Enable telemetry per-call:

await generateText({
  model: openai("gpt-4o"),
  prompt: "Hello",
  experimental_telemetry: {
    isEnabled: true,
    recordInputs: true,
    recordOutputs: true,
  },
});

Python Configuration

Integrations auto-enable — just init with tracing. Only add explicit imports to customize options:

import sentry_sdk

sentry_sdk.init(
    dsn="YOUR_DSN",
    traces_sample_rate=1.0,  # Lower in production (e.g., 0.1)
    send_default_pii=True,
    # Integrations auto-enable when the AI package is installed.
    # Only specify explicitly to customize (e.g., include_prompts):
    # integrations=[OpenAIIntegration(include_prompts=True)],
)

PHP / Laravel AI Configuration

Laravel AI instrumentation auto-enables when both sentry/sentry-laravel and laravel/ai are installed and tracing is active.

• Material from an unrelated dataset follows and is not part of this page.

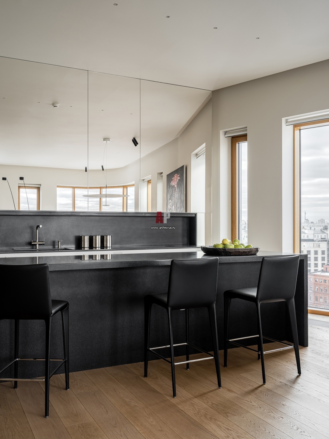 Сделанная частью гостиной кухня выглядит чрезвычайно оригинально. Один модуль со встроенными элементами сделан полностью зеркальным. В зеркальных панелях отражается всю гостиная и панорама города за окнами. Большой и вместительный кухонный остров отделан черным гранитом.

composer require sentry/sentry-laravel "^4.27.0"
composer require laravel/ai
php artisan vendor:publish --provider="Laravel\Ai\AiServiceProvider"
php artisan migrate

Enable tracing in .env:

SENTRY_TRACES_SAMPLE_RATE=1.0

To include LLM prompts, tool arguments, and responses after explicit user confirmation, enable PII capture:

SENTRY_SEND_DEFAULT_PII=true

Sentry treats LLM and tool inputs/outputs as PII and does not capture them by default. Do not enable SENTRY_SEND_DEFAULT_PII=true without confirming the Data Capture Warning above.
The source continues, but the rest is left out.